### Required action
After locating the line with "Portando una túnica" below, output it and each following line exactly, stopping after the line with "Réacteur en acier". No pictures.

Records from a collection:
::::::::
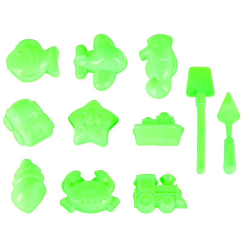 Rinkinyje yra 16 plastikinių formelių, kuriomis iš smėlio galima kurti įvairias formas ir modelius. Formeles lengva naudoti, jos suteikia jūsų kūriniams konkrečios struktūros elementų.
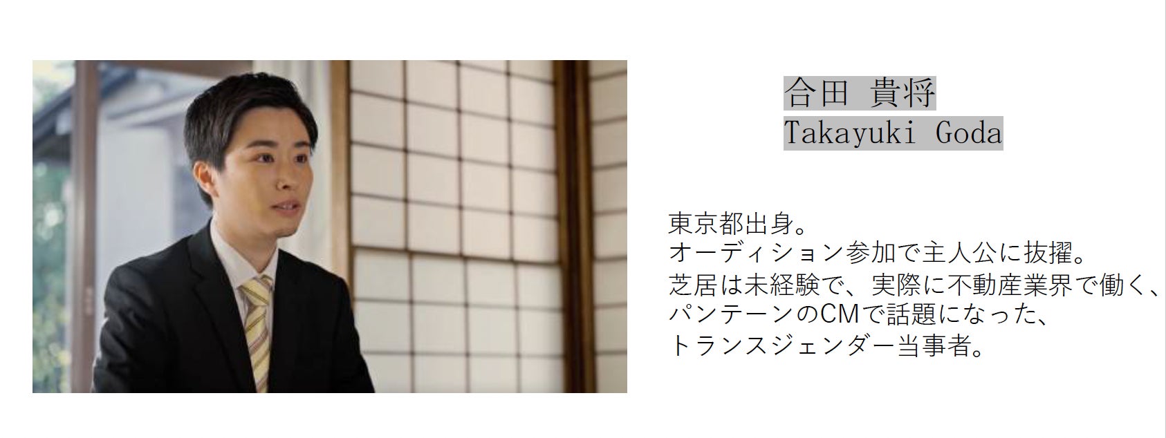 この後、ご紹介する主人公の合田さんと演技レッスンをする中でも、様々なディスカッションがありました。当事者として作品の中で生きて、シーンによっては、「合田さんそのままでいいです」とお伝えして、演技のリハーサルをやらなかったシーンもあります。
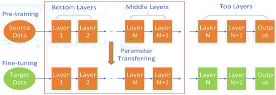 Transfer learning (TL) is the application of knowledge learned in the old domain (source domain) to the new domain (target domain), which compensates for the negative impact of sample scarcity and improves the generalization ability of the model, leading to more accurate classification. Therefore, TL is often used to deal with LULC under limited samples. Domain adaptation (DA), as a subfield in TL, is even more favored by researchers because it can solve the discrepancy problem between the source and target domains. Liu et al. [85] proposed a DA-based SFnet-DA network to solve the problem of insufficient labeled samples in practical applications. Specifically, an adversarial training consisting of domain classifiers and feature extractors was designed so that the parameters obtained from training the labeled dataset can be directly used for the prediction of unlabeled images. SFnet-DA achieves 97.13% F1 on the WHDLD dataset, which is higher and faster to process than excellent semantic segmentation networks such as U-Net and Deeplab V3+. Traditional DA methods make it difficult to balance the critical classes in the target domain, which may result in some classes in the target domain lacking labeled samples for training, so an unsupervised DA method was proposed by Soto et al. [86]. Specifically, a pseudo-label generation scheme called CVA was designed, with which the feature alignment of the target and source domains is balanced to avoid over-biasing to one category. Bai et al. [87] proposed a novel model that enables DA to directly align features in the source and target domains, which contains two DA branches and a semantic segmentation network. The two DA branches, one for adapting the representation space and one for adapting the prediction results, create feedback on each other to obtain more accurate classification results. Figure 18 illustrates the transfer learning.
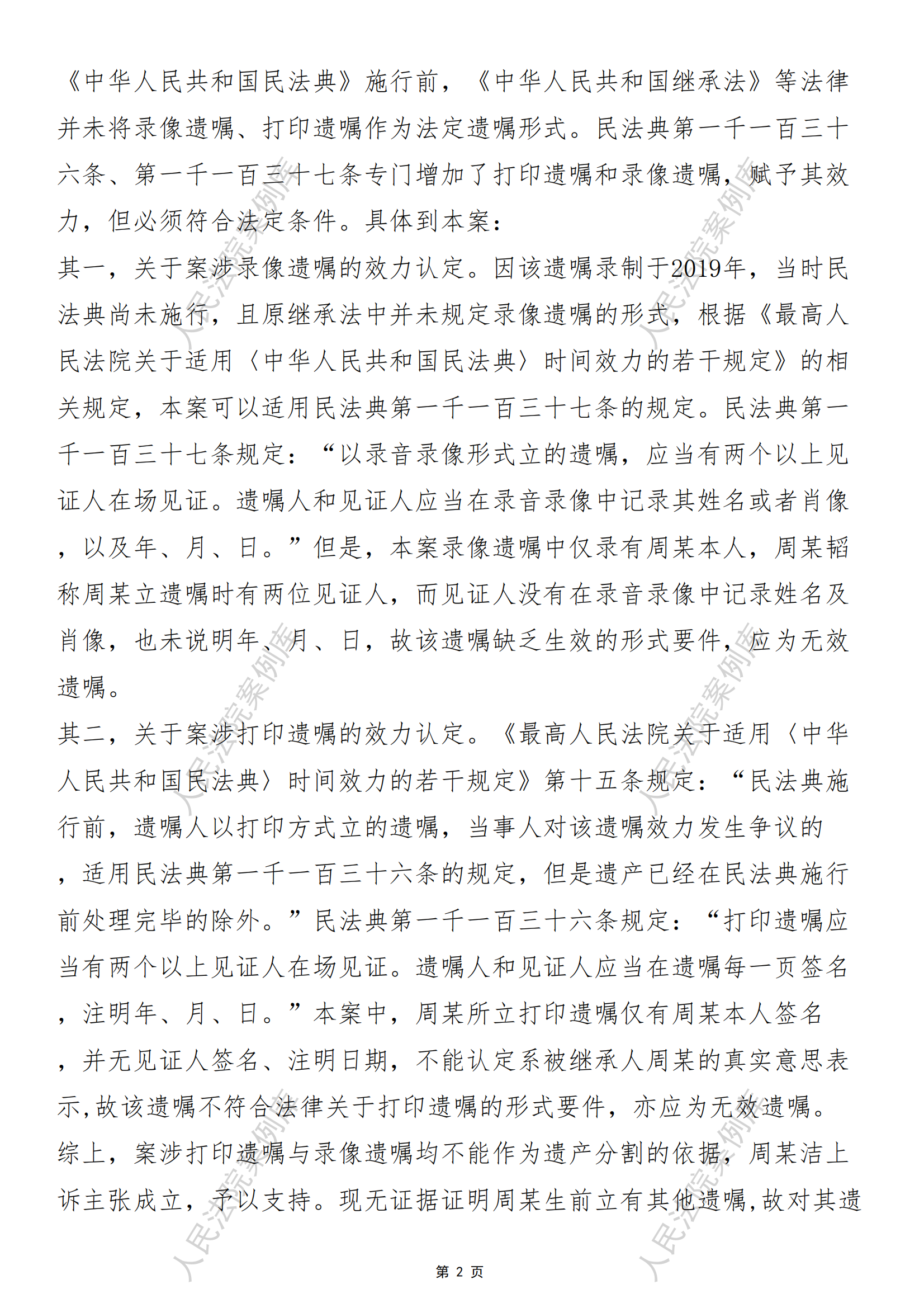 核心提示:——民法典施行前以打印或录像形式所立的遗嘱,适用民法典有关形式要件规定
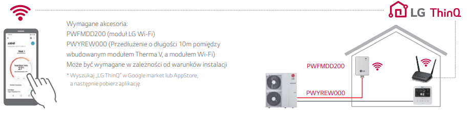 Aplikacja LG ThinQ umożliwia użytkownikom zdalne monitorowanie i sterowanie pompami ciepła LG, dzięki czemu możliwe jest ustawienie temperatury i regulacja w dowolnym czasie i miejscu.
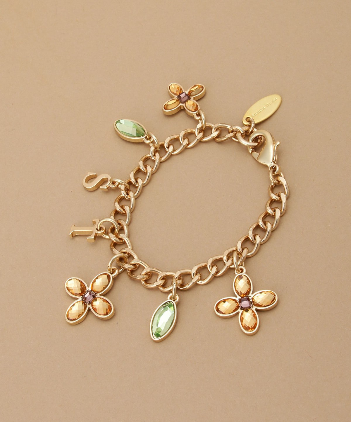 STのロゴと金木犀をイメージしたビジューが華やかなバッグチャームです。
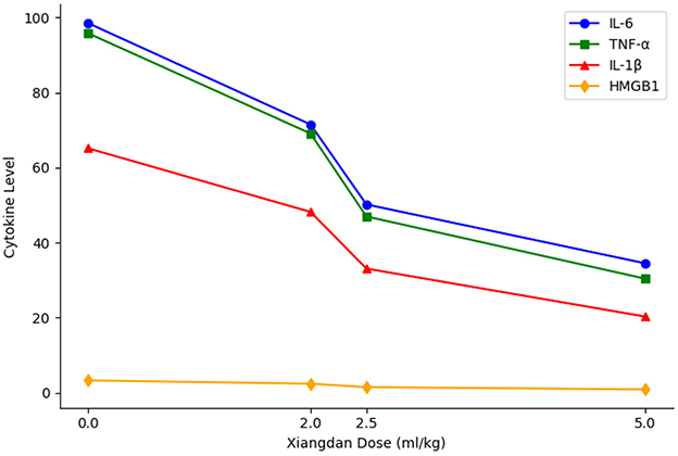 Figure 9. Dose-dependent reduction of inflammatory cytokines. Line graph demonstrates that increasing doses of Xiangdan injection resulted in progressive, dose-dependent reductions in IL-6, TNF-α, IL-1β, and HMGB1 levels in septic mice.
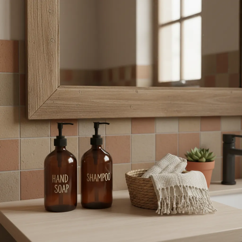 Get rid of branded plastic soap bottles. Decant your shampoo, conditioner, and body wash into matching amber glass bottles. It creates visual uniformity and reduces visual noise, making the space feel calmer.
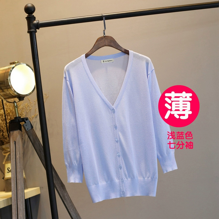 Mùa hè áo len mỏng cardigan nữ chất béo mm kích thước lớn băng lụa khăn choàng áo khoác điều hòa không khí áo sơ mi kem chống nắng 200 kg mùa xuân
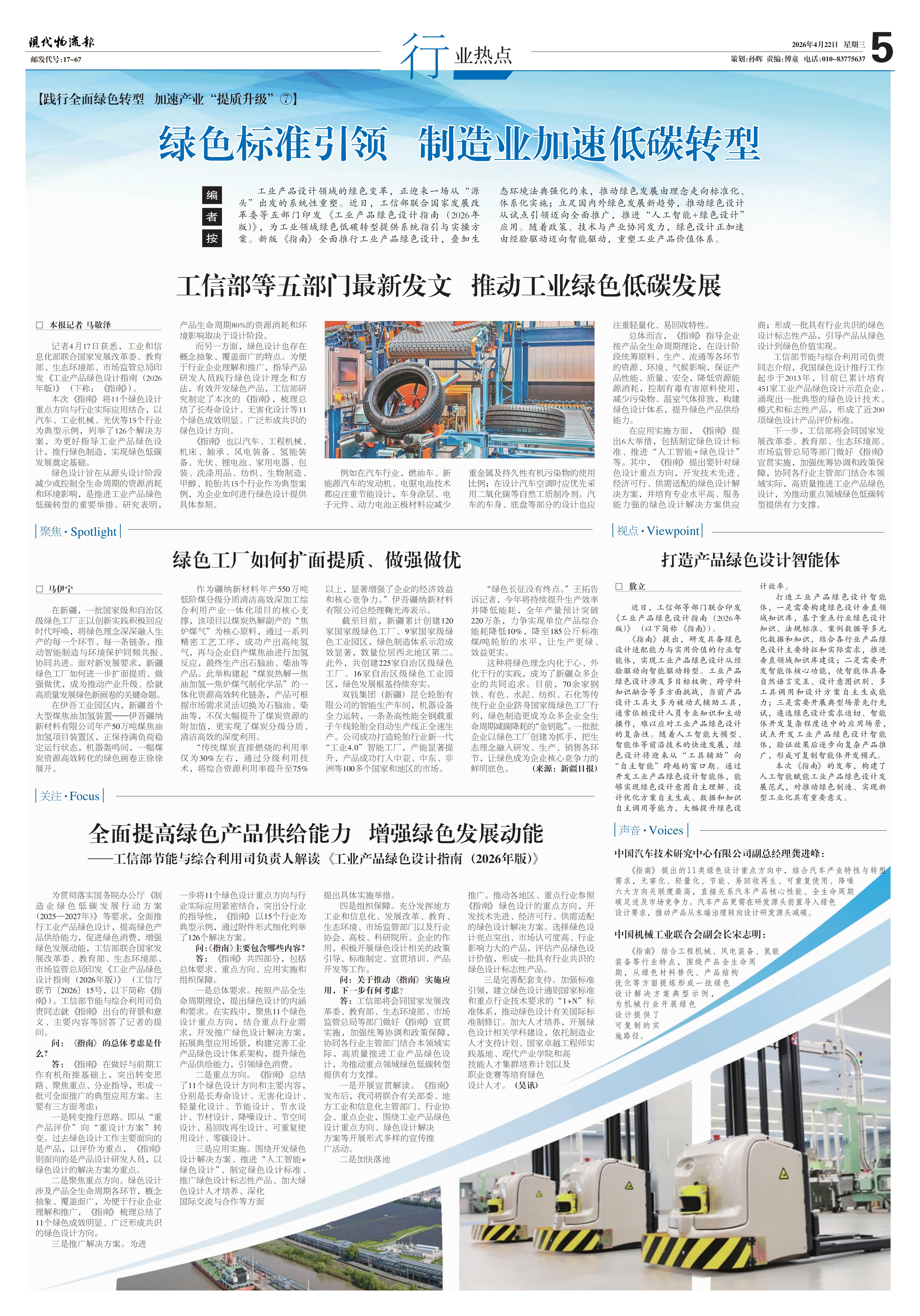 全面提高绿色产品供给能力 增强绿色发展动能——工信部节能与综合利用司负责人解读《工业产品绿色设计指南(2026年版)》
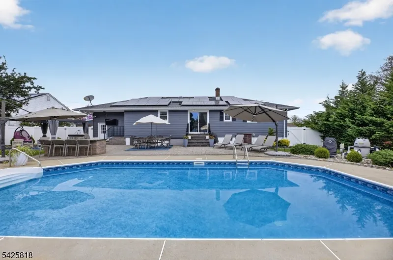 +"PublicRemarks": "Beautifully maintained 3-bedroom, 2.5-bath ranch in desirable North Brunswick offering approx. 1,400 sq ft plus a large, finished basement with potential for a 4th bedroom, office, gym, or rec room. The true highlight of this home is the incredible backyard designed for entertaining, featuring an in-ground pool, expansive paver patio, covered pergola lounge area, outdoor kitchen, multiple seating and dining spaces, and a large, fenced yard perfect for hosting summer gatherings or relaxing at home. The main level offers comfortable living space, updated baths, and a functional layout with warm, inviting finishes throughout. The finished basement adds valuable bonus space and flexibility for a variety of needs. Solar panels provide significant savings and the benefit of little to no electric bills. Conveniently located close to public transportation, major highways, shopping, dining, and everyday conveniences. Address is also eligible for charter school attendance. A rare opportunity to own a move-in ready home with exceptional outdoor living and great commuter access in one of North Brunswick's most convenient locations. Showings begin 4/25/26!"
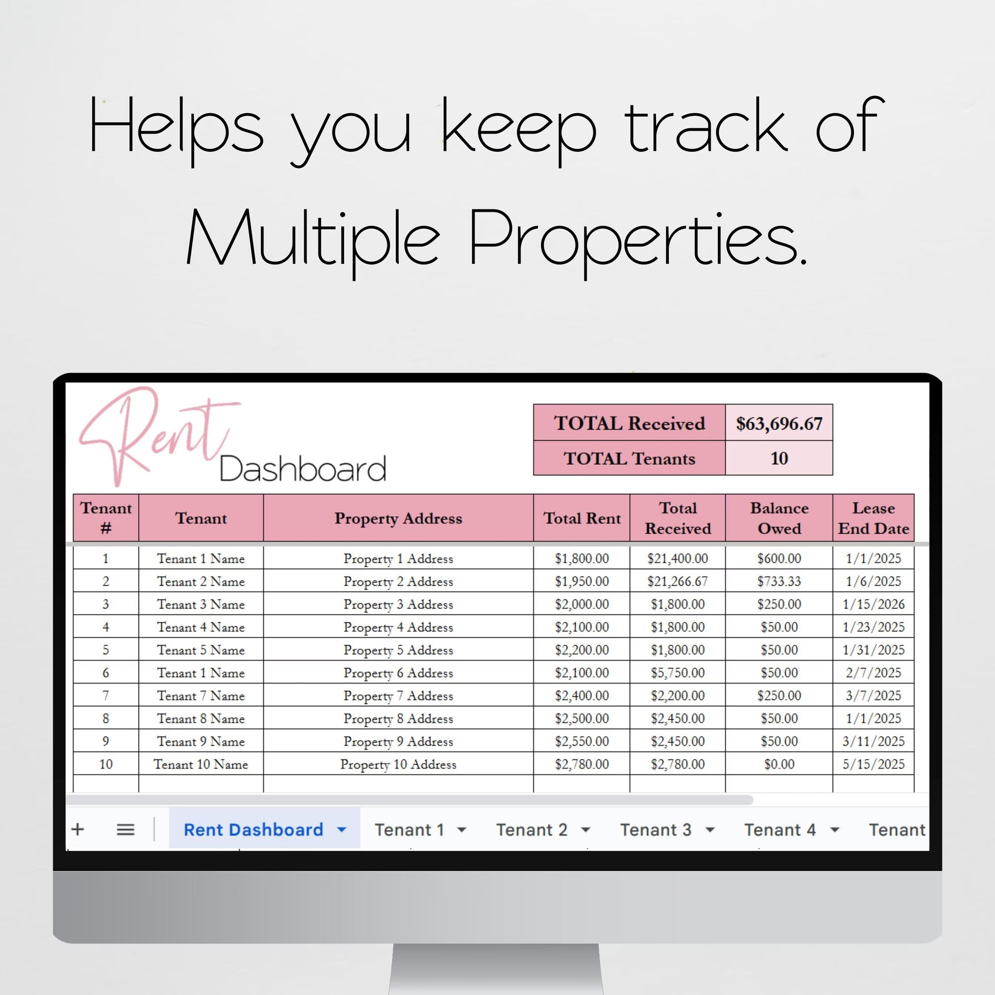 This is a monthly rent ledger to keep track of your payments received from your tenants for your rental properties. You can track late fees, total due, total amount received, and more. You can track up to 10 properties with this sheet. (More can be added if needed, but contact me if you need instructions for that.)
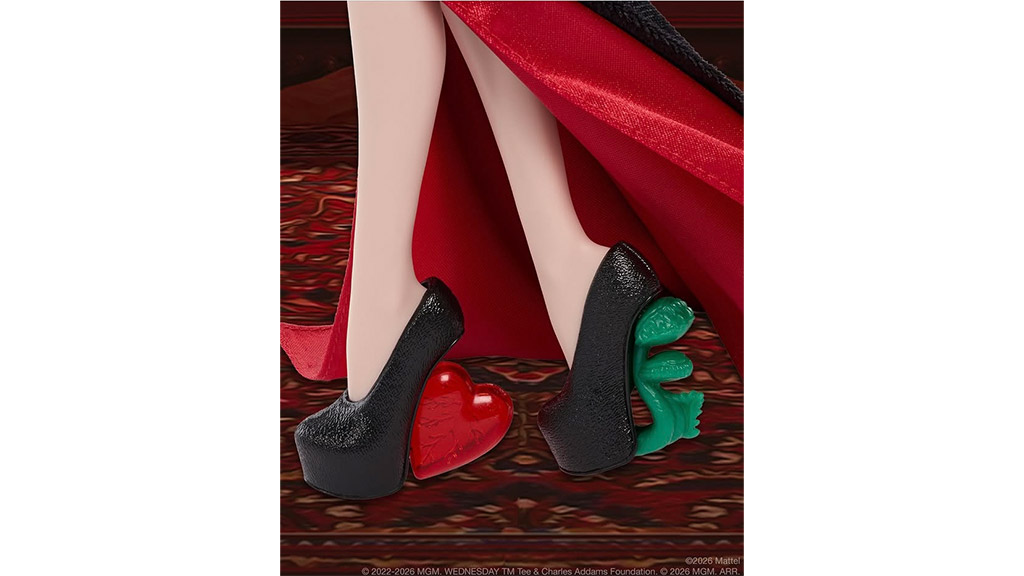 La bambola Morticia Addams è alta 28 centimetri e sfoggia un abito in velluto spaventosamente elegante, completato da maniche a campana, dettagli arricciati e una sottogonna in raso color porpora. I suoi capelli neri e lisci ricadono con eleganza sulle spalle, mentre il trucco viola, la manicure nera e i gioielli d’argento rendono il suo aspetto ancora più inquietante. L’outfit spettralmente raffinato è completato da un paio di scarpe nere con tacco alto: su una scarpa è presente una trappola per venere, sull’altra un cuore di vetro infranto come decorazione.
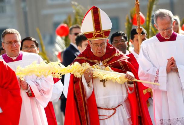Portando una túnica roja para simbolizar la sangre derramada por Jesús en las horas de su crucifixión, Francisco bendijo las palmas trenzadas.
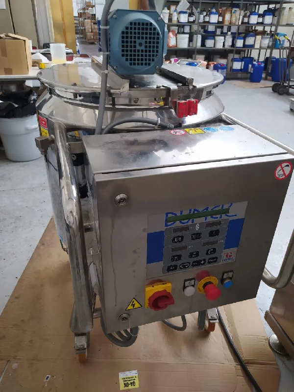Réacteur en acier inoxydable d'une capacité de 120 litres de la marque DUMEK, modèle MELTER 120. Equipé de : Agitateur de type ancre Panneau de commande pour le contrôle de la vitesse et de la température de l'enveloppe par résistance électrique. Vanne de décharge manuelle Sécurité du couvercle Sur roulettes Logiciel pour l'industrie 4.0
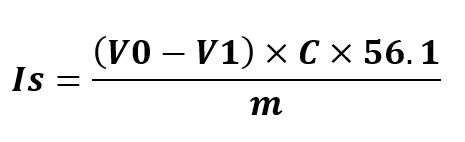 V۱ حجم محلول اسید کلریدریک استاندارد مصرف شده برای آزمون نمونه بر حسب میلی لیتر
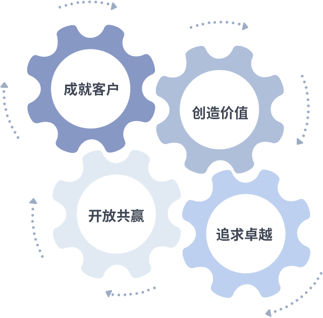 成就客户是一切决策的出发点,,,创造价值是衡量所有工作的标准,,追求卓越是我们做事做人的态度,,开放共赢是我们的格局也是最终的结果。。。价值观的齿轮环环相扣,,推动着组织里的每个人不断向前。。
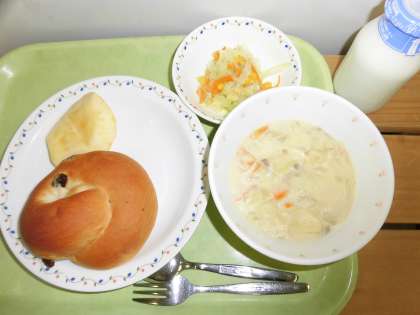 「ぶどうパン、クリームシチュー、コーンサラダ、りんご、牛乳」です。
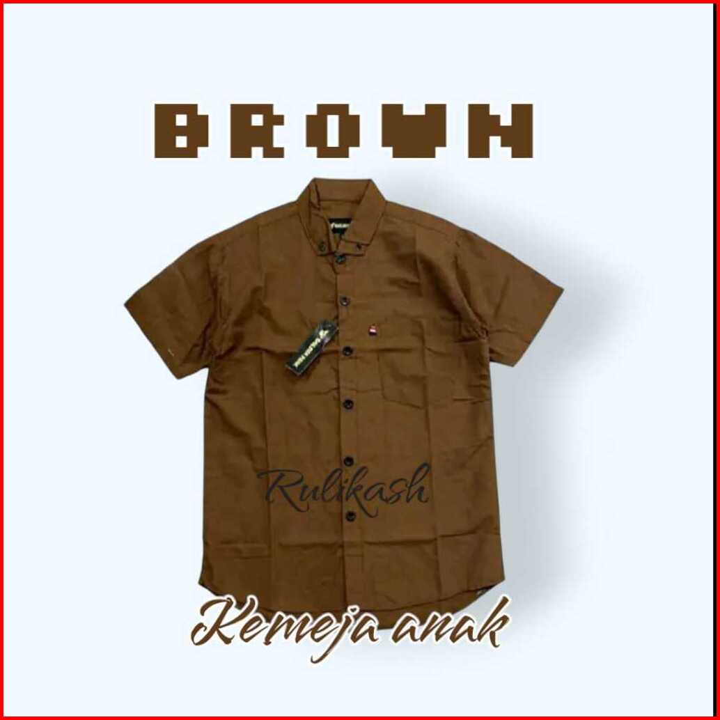 Kemeja Anak Laki Laki Brown Lengan Pendekterbaru Umur 1-13 Tahun Katun Polos Marun Denim Hitam
::::::::
### Expected answer
Portando una túnica roja para simbolizar la sangre derramada por Jesús en las horas de su crucifixión, Francisco bendijo las palmas trenzadas.
Réacteur en acier inoxydable d'une capacité de 120 litres de la marque DUMEK, modèle MELTER 120. Equipé de : Agitateur de type ancre Panneau de commande pour le contrôle de la vitesse et de la température de l'enveloppe par résistance électrique. Vanne de décharge manuelle Sécurité du couvercle Sur roulettes Logiciel pour l'industrie 4.0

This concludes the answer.